L'UE sembra aver colto questa critica: l'8 ottobre scorso il Parlamento europeo ha accolto una bozza di direttiva in proposito, in base alla quale le sigarette elettroniche andranno equiparate nei trattamenti alle sigarette, «a meno che siano presentate come contenenti proprietà curative o preventive» (nel qual caso si applicherebbe la normativa sui medicinali). La bozza però è ancora lungi dall'essere definitiva e, trattandosi di direttiva, una volta approvata ci sono altri 18 mesi di tempo per i Paesi membri per recepirla.

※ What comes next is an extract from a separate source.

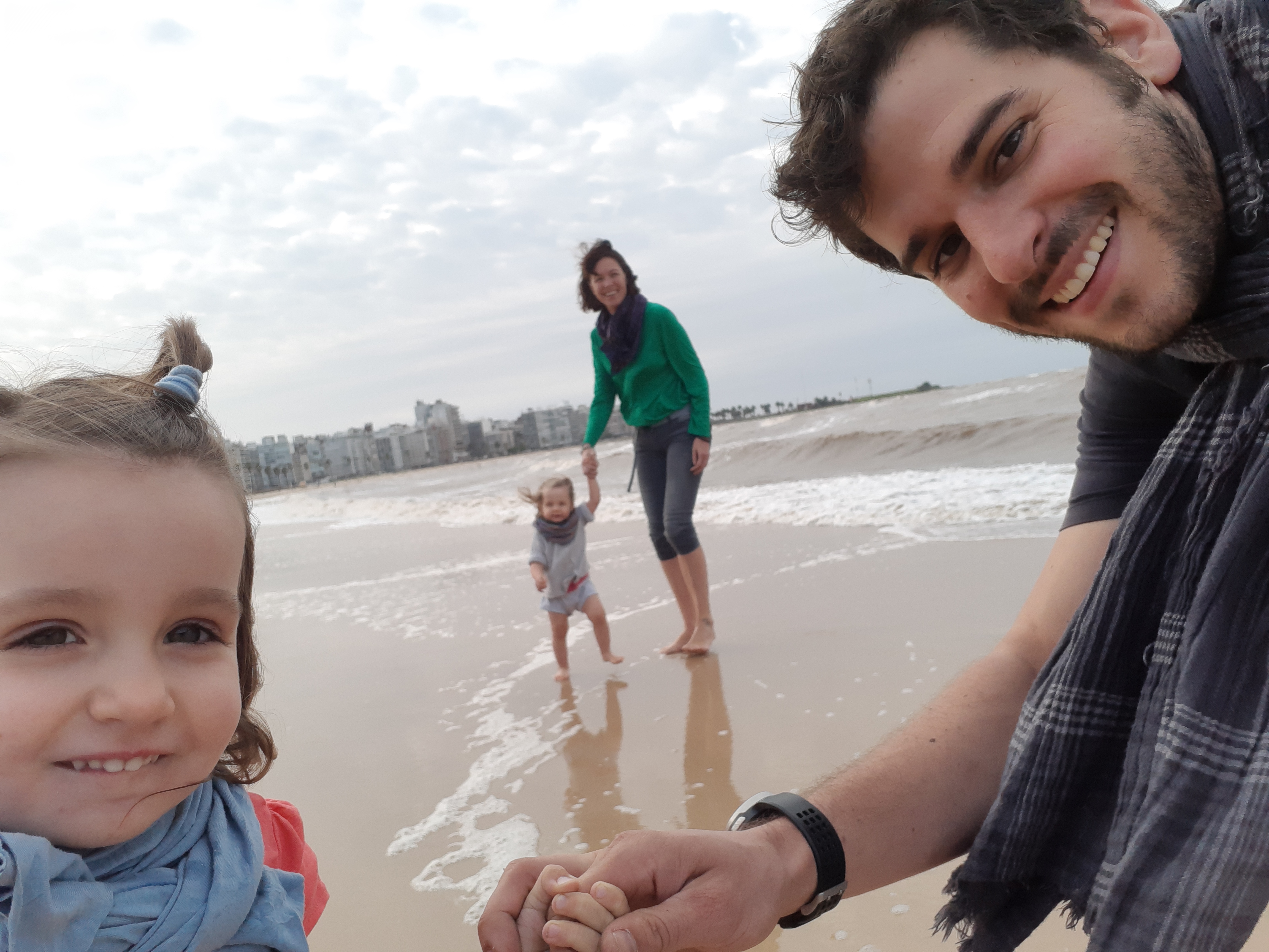 Et puis à l’heure ou je boucle mon premier mot dans ce blog, nous sommes à 30mn de Montevideo, dans un lieu magnifique en pleine nature, entourés d’arbres, près d’une plage sauvage, ou les uruguayens viennent en famille faire leur asado (barbecue) dominical sur fond de cumbia ou de rock (ils sont très rock !). On a sorti la table et les chaises, le hamac, on est enfin posés hors de notre camping-car, et c’est déjà un tel bonheur ! Les filles ont joué dans l’eau et le sable, on a pris l’apéro dehors, Nanie a fait sa sieste dans le hamac, j’ai été courir un peu, et là je tapote sur mon clavier en attendant que tout le monde se réveille, sur fond de vagues et de vent dans les feuilles… On y est ! On ne prévoyait pas de passer beaucoup de temps dans les grandes villes, eh bien maintenant c’est une certitude !

Al di là di come le si vogliano considerare, una regolamentazione chiara ed equa sulle sigarette elettroniche serve, subito. E che abbia un minimo di prospettiva: queste misure inutilmente punitive non fanno altro che dimostrare, da un lato, la disperazione di un Erario che sta letteralmente raschiando il fondo del barile; dall'altro, la pervicace indifferenza per gli effetti di lungo periodo (in questo caso neanche tanto lungo) di un’impennata tanto rapida dell’imposizione fiscale. In ballo ci sono fra i 4000 e i 5000 posti di lavoro, fra cui molti piccoli negozianti, spesso anche alla loro prima esperienza imprenditoriale e che adesso si trovano di fronte alla prospettiva di dover chiudere l’attività.

E le norme previste dal decreto risultano ancora più assurde, se si pensa che quello delle e-cig potrebbe rappresentare un bel business anche per i tabaccai. D'altronde, lo stesso presidente della Federazione Italiana Tabaccai, Giovanni Risso, aveva dichiarato lo scorso febbraio a Repubblica: «i Monopoli di Stato non sono in grado di dirci se possiamo vendere sigarette elettroniche oppure no. E noi non sappiamo come regolarci». Appunto.